Is this stuff still in development? Is is more performance-based?

May 26, 2008 | Unregistered CommenterRoss S.
You're right it was worth it going long. I was amazed to hear of the European composers coming to NYC to hear the likes of the jazz greats....sitting in the crowd...and just soaking it in. I did some light research and found that Stravinsky DID come to NY and visited some jazz clubs. Why? It was music that they had never ever heard...nothing like it. I'm going to continue to dig into this fascinating subject on how jazz influenced classical.

Futureman is definately a gem.

E



May 27, 2008 | Unregistered Commentereddy
Thanks guys for the Futureman episode. It was really interesting and he covered a lot of things that I've not heard before. Any ideas on his sources? I found a few things online, but a lot of the stuff is too out there to find in a search.
June 4, 2008 | Unregistered CommenterRyan
Ryan:

Futureman is "out there"....but what an amazing interview, right? Made me really feel stupid at some parts of the chat.

Here's what I think....I think this guy, borders on musical genius...and he's probably a voracious reader. Must read EVERYTHING. From politics, to history, to psychology, to....everything.....and it all ties in with music at some point.

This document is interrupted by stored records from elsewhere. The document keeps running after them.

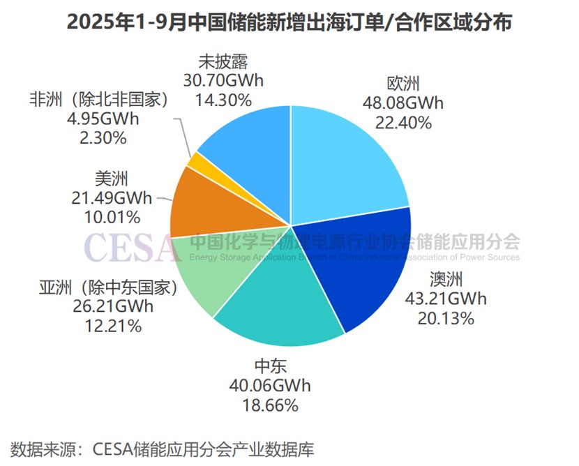 據(jù)CESA儲(chǔ)能應(yīng)用分會(huì)數(shù)據(jù)庫(kù)統(tǒng)計(jì),2025年1-9月,中國(guó)儲(chǔ)能新增出海訂單/合作總規(guī)模達(dá)214.7GWh,同比增長(zhǎng)131.75%。就儲(chǔ)能出海項(xiàng)目地分布來(lái)看,歐洲、澳洲占比均超過(guò)五分之一。歐洲最高,達(dá)48.08GWh,占比22.4%,其中波蘭7.695GWh,英國(guó)6.171GWh,德國(guó)3.71GWh,保加利亞3.7GWh。
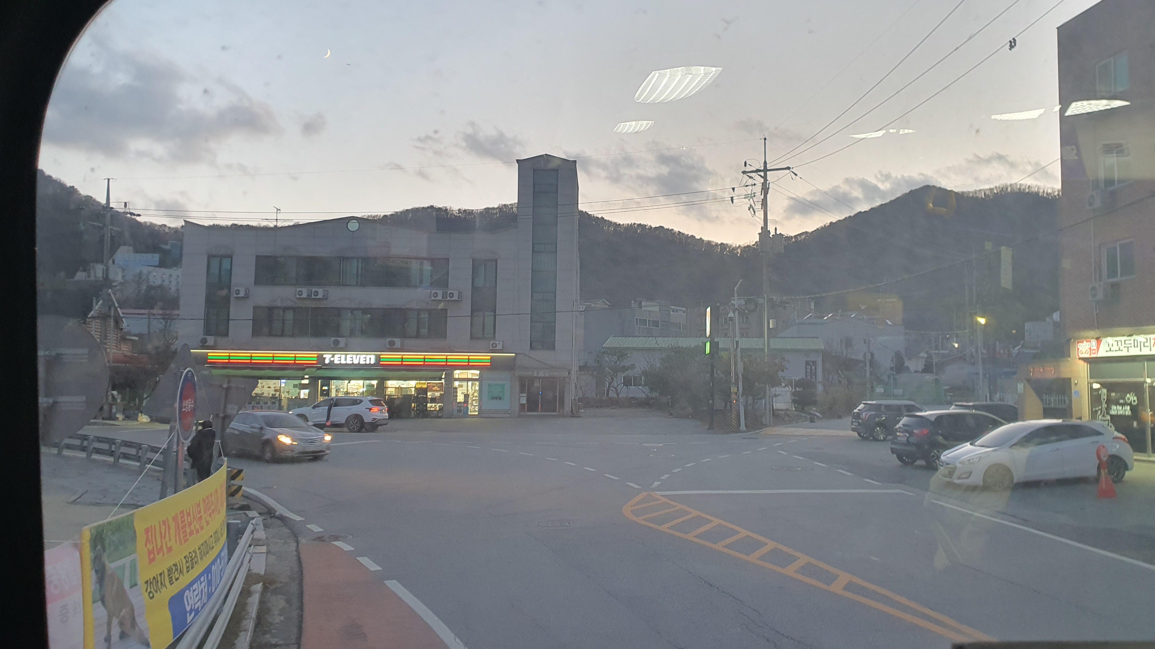 보정역에 내리니 오전 7시 41분이었고, 보정고등학교 정류장으로 가보니 버스가 출발 대기중이었습니다. 날씨가 추운데 20분 가량 시간이 남다보니 저는 구석의 의자에서 시간을 보내다 버스에 승차하였습니다.
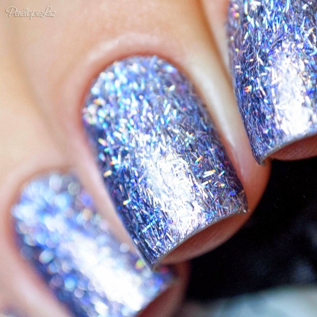Lindo, lindo, lindo! Ele é composto por micro glitters no formato de slices e tem uma base jelly levemente azulada. Queria bastante preenchido, então coloquei 3 camadas sobre uma de um prata para carimbo, só queria que tudo estivesse preenchido, o esmalte de baixo nem aparece).
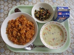 牛乳 チキンライス たらと白菜のクリーム煮 ひじきのごまドレサラダ 一口ぶどうゼリー
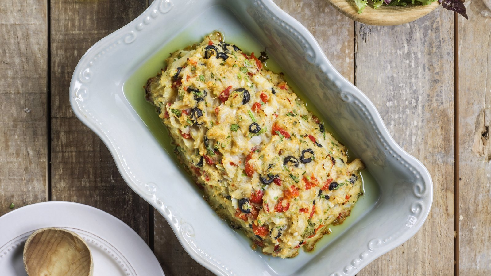 Numa tigela misture o bacalhau com a broa esfarelada, os alhos e os pimentos picados, as azeitonas e os coentros picados.
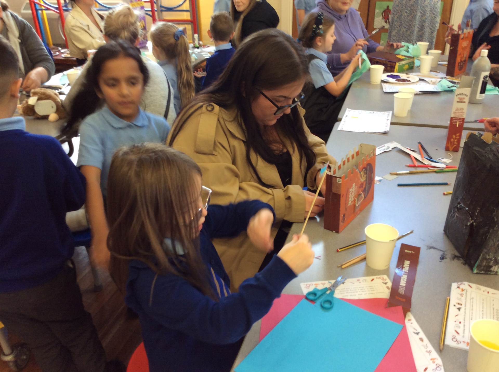 On Thursday, we invited our grown-ups into school for our exciting DT castle project. Everyone worked together to design and build a castle with a moving drawbridge. The classroom was filled with fun, laughter, and plenty of biscuits as children and adults got creative side by side. It was a wonderful afternoon, and the children were so proud to share their learning with their families.
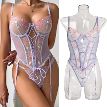 Sexy Lace Spliced Cross-criss Lingerie Bodysuit
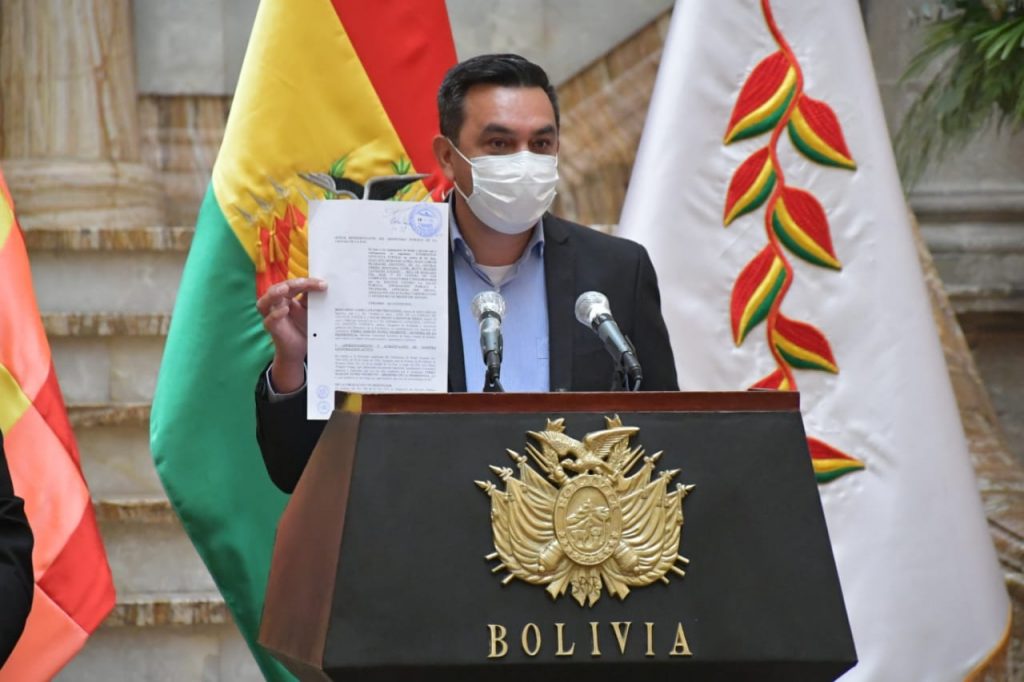 «Como Ministro de la Presidencia e interpuesto una demanda penal contra Evo Morales, Juan Carlos Huarachi, Beatriz Yañíquez y todos los cómplices, coautores y encubridores por los delitos contra la salud pública, instigación pública a delinquir, apología del delito, asociación delictuosa y destrucción o deterioro de bienes del Estado», afirmó Núñez durante una conferencia de prensa.
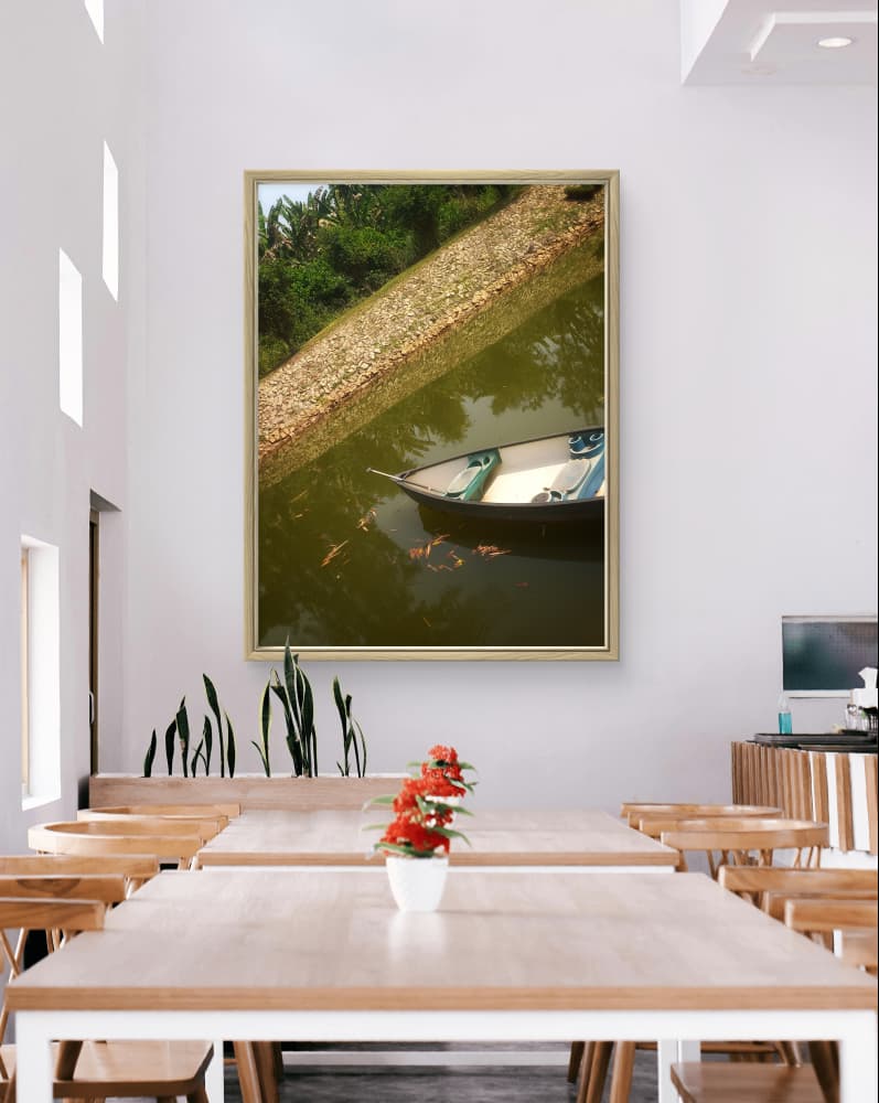 This captivating image captures a peaceful moment by the water’s edge. A small boat floats serenely in the canal, its reflection mingling with the calm waters. Framed in a minimalist interior, the scene exudes calm and tranquility, perfect for evoking a sense of relaxation and escape.
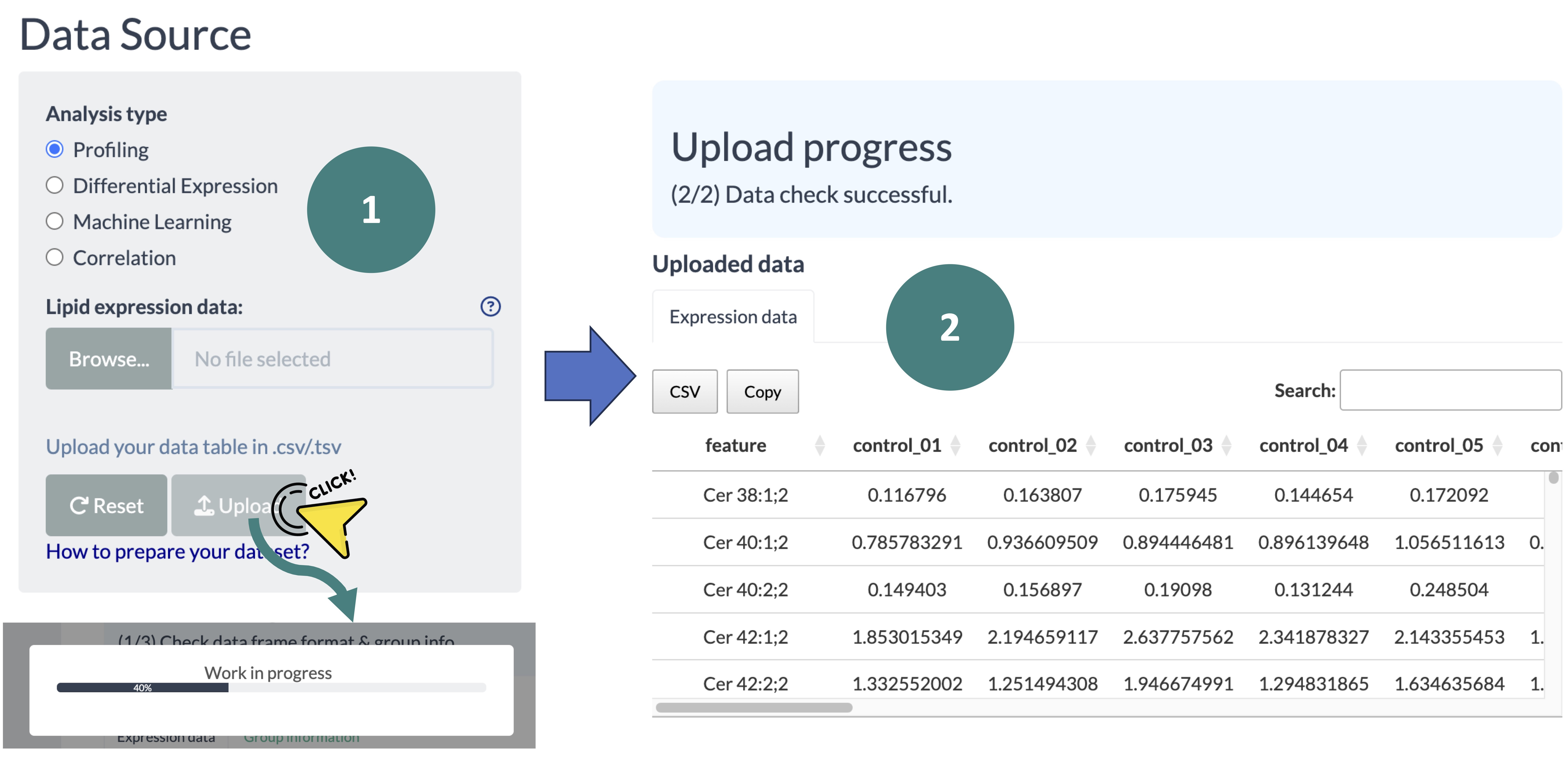 For the profiling analysis, you are required to upload only the Lipid Abundance Data in a CSV format.

I mean...I never had a clue that classical composers such as Revell and Gershwin hanging out in Harlem...and Stravinski going to jazz clubs...that's not something that you hear on TV...you have to READ that stuff.

Anyway, as to sources, I don't know...I think its just inherent knowledge. I still dig into that interview...but you're right...the stuff is still "out there".

Thanks for your comments.

E
June 5, 2008 | Unregistered CommenterEddy

First time I saw the Flecktones I was turning the dial on my TV and I just happened on their Lonesome Pine Special as it was starting. I was mesmerized by the talent of all the band members.
As Futch said it was like lightning had struck four times, but being a drummer myself Futch caught my eye. What the hell was he playing? You could see he was a character and his presence and the awesomeness of his talent popped out even across the TV.

I called my wife into the room and we both watched stunned at what we were hearing. I felt as excited as I did when I first saw the Beatles on Ed Sullivan back in Feb.1964. I was seeing and hearing something new and totally original. Needles to say I became a lifelong fan. Not quite a Fleckhead but a dedicated fan.

I've seen the Flecktones live several times now and they have never failed to amaze. They were also the first band I ever saw that came back out to hang with the audience after the show signing autographs and chatting with the fans. I've had the chance to talk with Futch about drumming after a couple of shows but as you can hear he loves to chat about stuff and I always feel guilty about hogging his time while other people were waiting to ask him stuff, but how do you walk away from a drumming discussion with Futureman?

The Flecktones aren't just pioneering musicians they're Gentlemen in the truest sense of the word.